The arched structures that are a combination of models of tombs of righteous Jewish persons and of Arab sheikhs, undermine the dichotomy between 'Arab' and 'Jewish' in order to make the relationship between them visible, a relationship that the Israeli society keeps strictly oppressed and excluded.
Jano participated in solo and group exhibitions in Museums and galleries in Israel EU and Europe.

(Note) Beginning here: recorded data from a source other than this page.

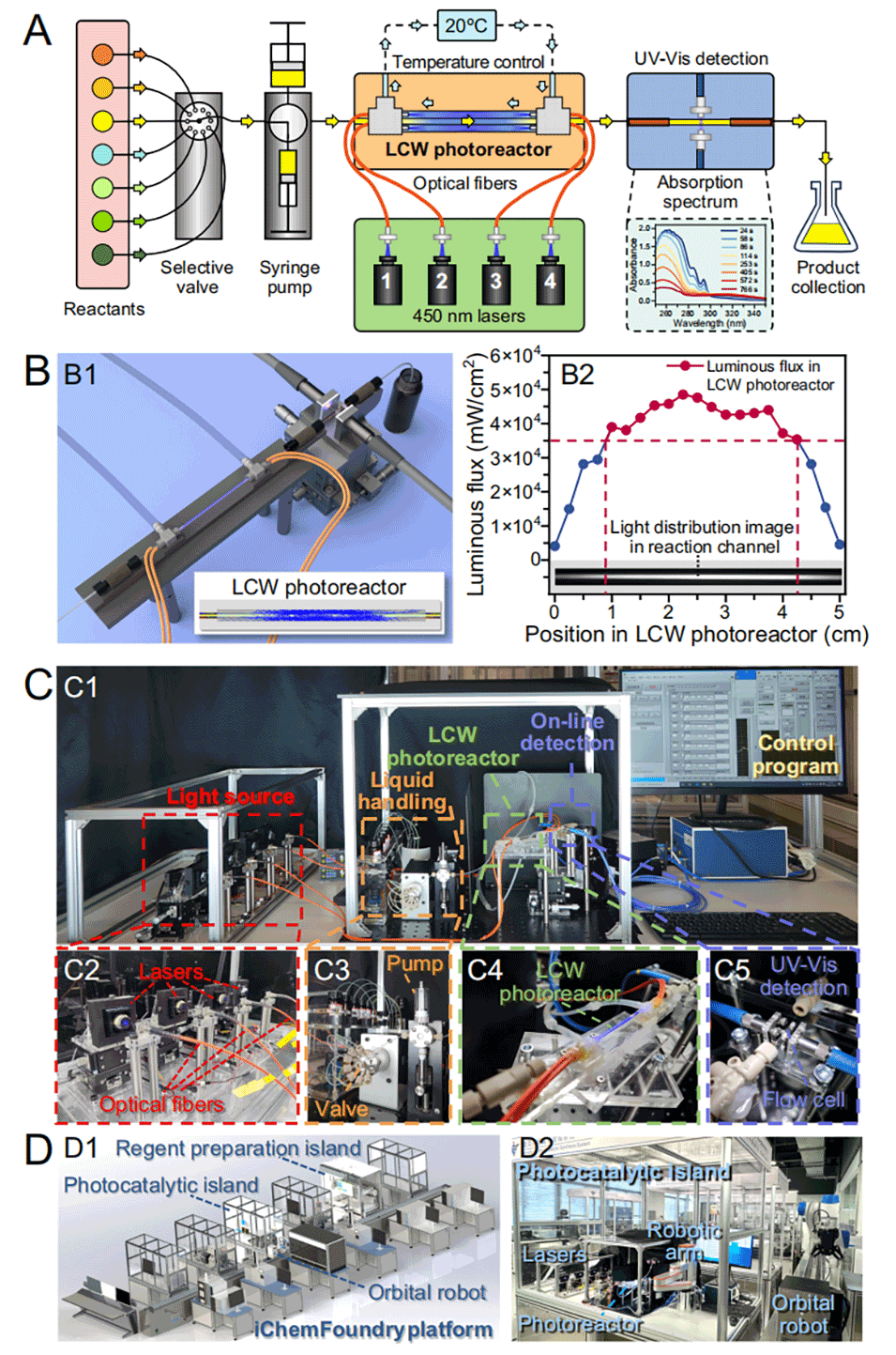 2、该系统结合了液芯波导、微流控液体处理和人工智能技术,能够自动进行反应物混合物的制备、更换、引入,在几秒钟内进行超快速光催化反应、在线检测反应产物,并筛选不同的反应条件。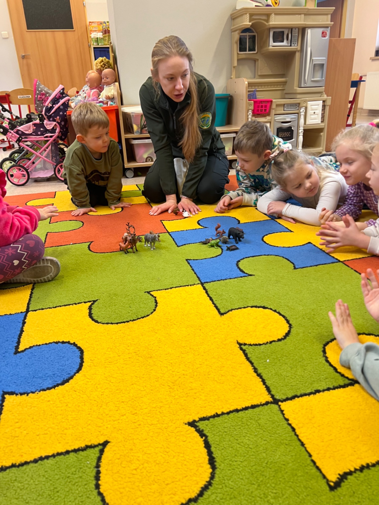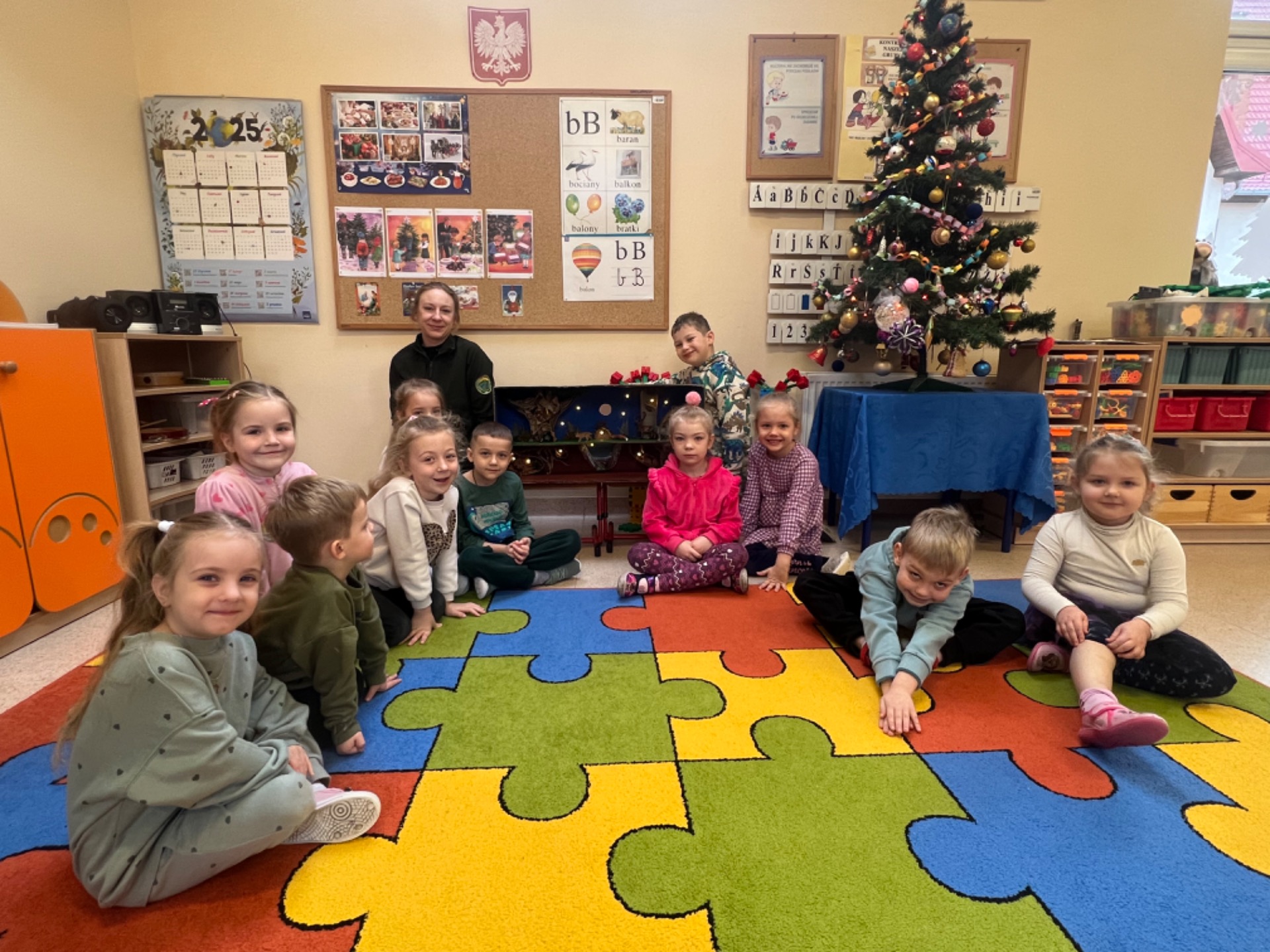 Spotkanie Krasnoludków z pracownikiem KPN na temat przygotowań zwierząt do przetrwania zimy.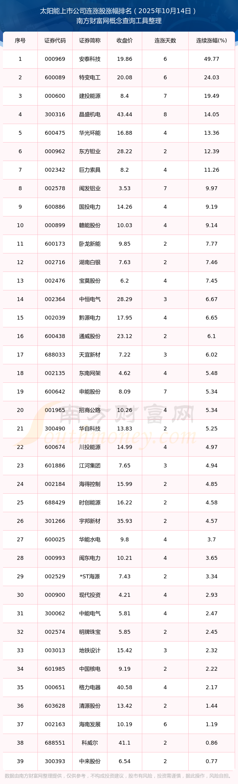 2025年10月14日太陽能上市公司連漲股漲幅排名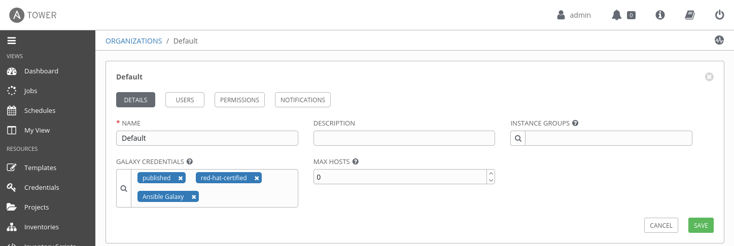 In the present case, it's important to note the Collection 'daleroux.hello_tam_blog' on which the playbook depends, exists in two places: in the private Automation Hub where I uploaded it previously, and in Ansible Galaxy. Therefore to validate that Ansible Tower will search for Collections in private Automation Hub, we will remove Ansible Galaxy from the 'Galaxy Credentials' in our default organization, leaving only :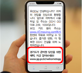 ÀÌ·± °¡¿îµ¥ µµ´Â °¢ ½Ã±º¿¡¼­ ÀüÀÔÀÚ ´ë»ó ¹®Àھȳ» ¼­ºñ½º°¡ ÀÖ´Ù´Â »ç½ÇÀ» È®ÀÎÇß´Ù. °¢ ½Ã±º¿¡¼­´Â Áֹμ¾ÅÍ¿¡ ÀüÀÔ½Å°í¸¦ ÇÏ´Â µµ¹ÎÀÌ µ¿ÀÇÇÒ °æ¿ì KTÀÇ Áö¿øÀ» ¹Þ¾Æ ÀüÀÔÁö µµ·Î¸í ÁÖ¼Ò¸¦ ¹®ÀÚ¸Þ½ÃÁö·Î ¾Ë·ÁÁØ´Ù. °æ±âµµ´Â ÀÌ ¹®ÀÚ ¼­ºñ½º¿¡ °æ±âµµ ȨÆäÀÌÁö º¹ÁöÇýÅà ¾È³»¼­ºñ½º ÁÖ¼Ò(https://www.gg.go.kr/welcometogg)¸¦ Æ÷ÇÔÇØ ´Þ¶ó°í ÇùÁ¶¸¦ ±¸Çß´Ù. ¹®ÀÚ¼­ºñ½º¸¦ Á¦°øÇÏÁö ¾Ê´Â ³²¾çÁÖ¿Í ¾È»ê½Ã¸¦ Á¦¿ÜÇÑ µµ³» 29°³ ½Ã‧±ºÀÌ ¿©±â¿¡ µ¿ÀÇÇß°í Áö³­ 6¿ùºÎÅÍ º°µµ Ãß°¡ ºñ¿ë¾øÀÌ ¾È³»¹®ÀÚ°¡ ¹ß¼ÛµÇ°í ÀÖ´Ù.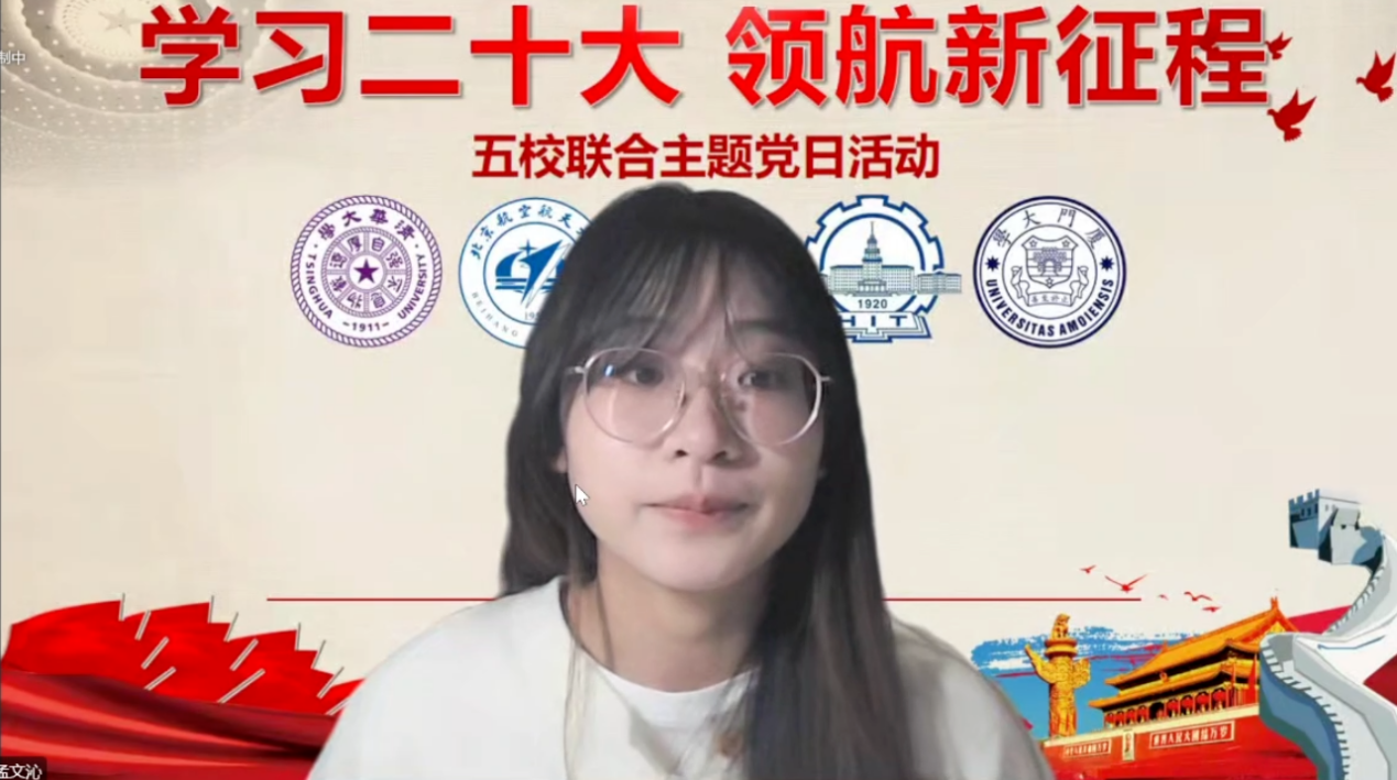 活动开始,全体成员集体观看习近平总书记在党的二十大报告中的重要讲话视频,对二十大精神进行学习。北京航空航天大学孟文沁以《奋进伟大征程,谱写时代华章》为主题从整体上对二十大的主要议程和内容主题进行介绍,指出二十大确定了新时代新征程中国共产党的使命任务,分析了国际国内形势,阐述了开辟马克思主义中国化时代化新境界、中国式现代化的中国特色和本质要求等重大问题。清华大学陈亮以《踔厉奋发新征程,逐梦蓝天向未来》为主题,从航空航天的角度出发,讲解过去五年党的工作和新时代十年的伟大变革。最后北京航空航天大学讲师夏侯超以《“两个确立”——新时代最重要的政治成果》为题对二十大精神进行解读学习部分进行收尾。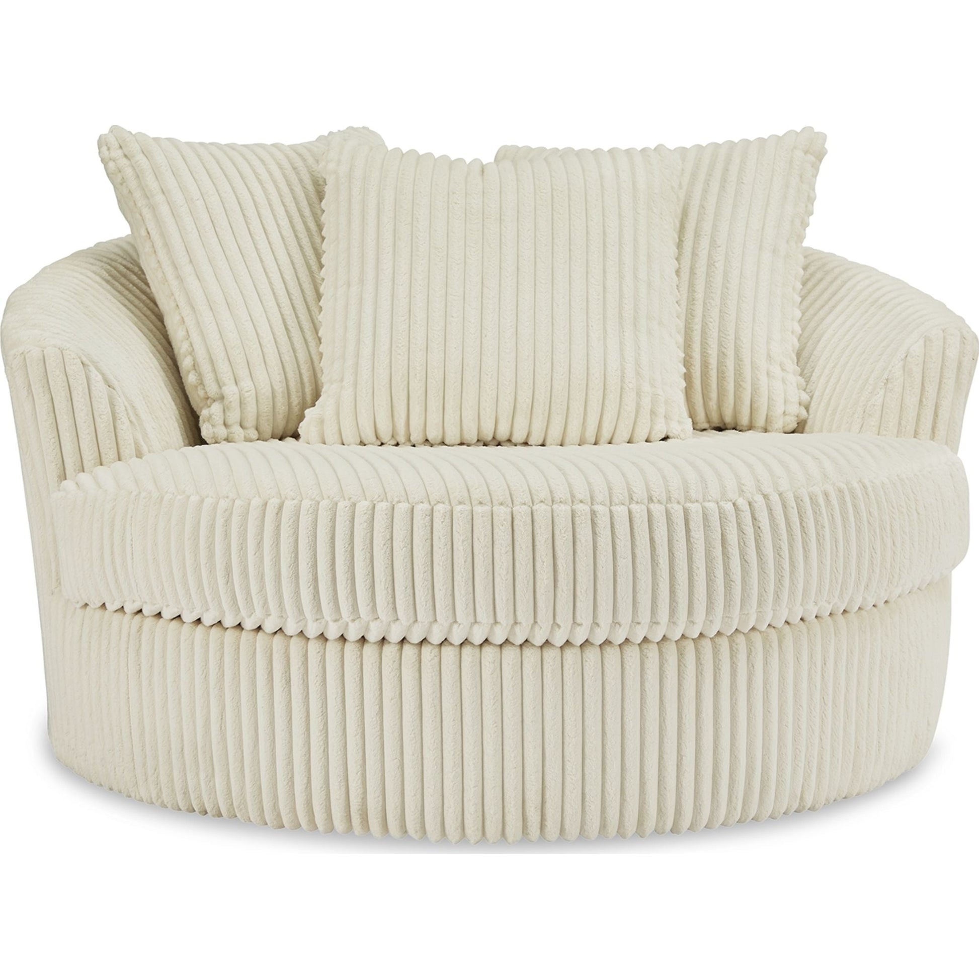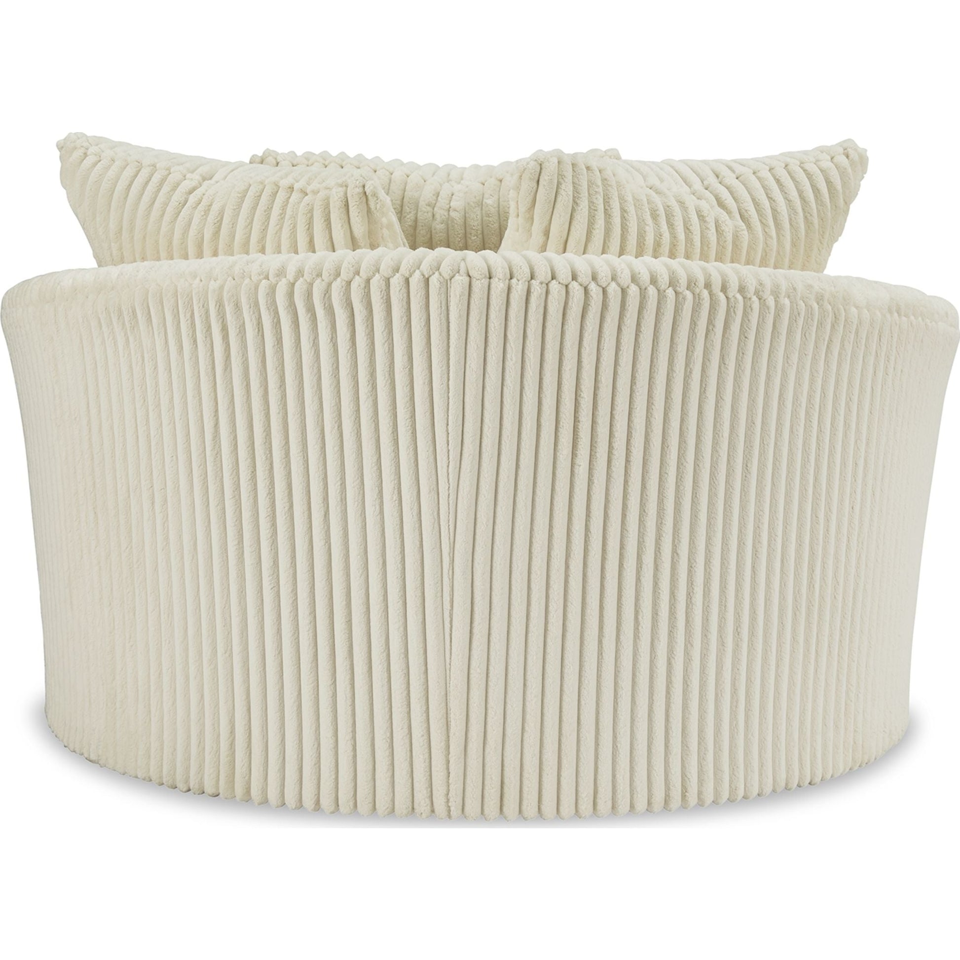 Luxueux et raffiné. Affirmez votre goût pour les textures tendance avec le revêtement en velours côtelé du fauteuil pivotant surdimensionné Lindyn. Son tissu d'une douceur incomparable, couleur ivoire, s'harmonise avec les palettes de couleurs contemporaines. Installez-vous confortablement sur son coussin généreux et profitez d'un moment de détente : ce fauteuil douillet témoigne de votre conception haut de gamme du confort et du style.

Selected exhibitions of Jack Jano:
1977 Marocan Dinner, solo exhibition, Acme Gallery, London
1984 Eighty Years of Sculpture, group exhibition, Israel Museum, Jerusalem
1990 Portraits, O.K Harris Gallery, New York
1992 Jack Jano- Works, solo exhibition, Uri & Rami Nechushtan Museum,
Kibbutz Ashdot Ya'acov
1993 Anonymous…, group exhibition, Herzeliya Museum
1995 Journey, one- man exhibition, Ashdod Museum
1996 Ktav, group exhibition, Ackland Museum, North Carolina
1996 Jack Jano, solo exhibition, O.K Harris Gallery, New York
2000 Troubadour, solo exhibition, Ramat-Gan Museum
2002 Inside Sees Outside, Janco- Dada Museum, Ein-Hod
2004 Object, Holiness and Ritual, group exhibition, Nashville Museum,
Tennesse
2005 Rachel Grave, Center of Israeli Art, Munich, Germany
2006 Text and Ritual, solo exhibition, Bar- David Museum, Kibbutz Bar Am
2008 The Invisible Self Portrait, group exhibition, Engel Gallery, Tel Aviv
2009 SoferStam- Hebrew Installation, one man exhibition, Enegl Gallery, Tel Aviv
2010 Trees, solo exhibition, artists' house, Tel Aviv
2011 Frische- Mische, solo exhibition, Engel gallery, Tel Aviv
2012 Pace, group exhibition, Horace Richter Gallery, Jaffa, Tel Aviv
Untitled
Painted wood
Technique: mixed
A blue puppet of a man carrying a rifle is hanging in the wall. It depicts a soldier that is a 'toy', a 'marionette' with no power over his acts, or a man, that even having a weapon is managed by other forces than his own. He has no control therefore no responsibility, the responsibility is on the hands of the manipulator.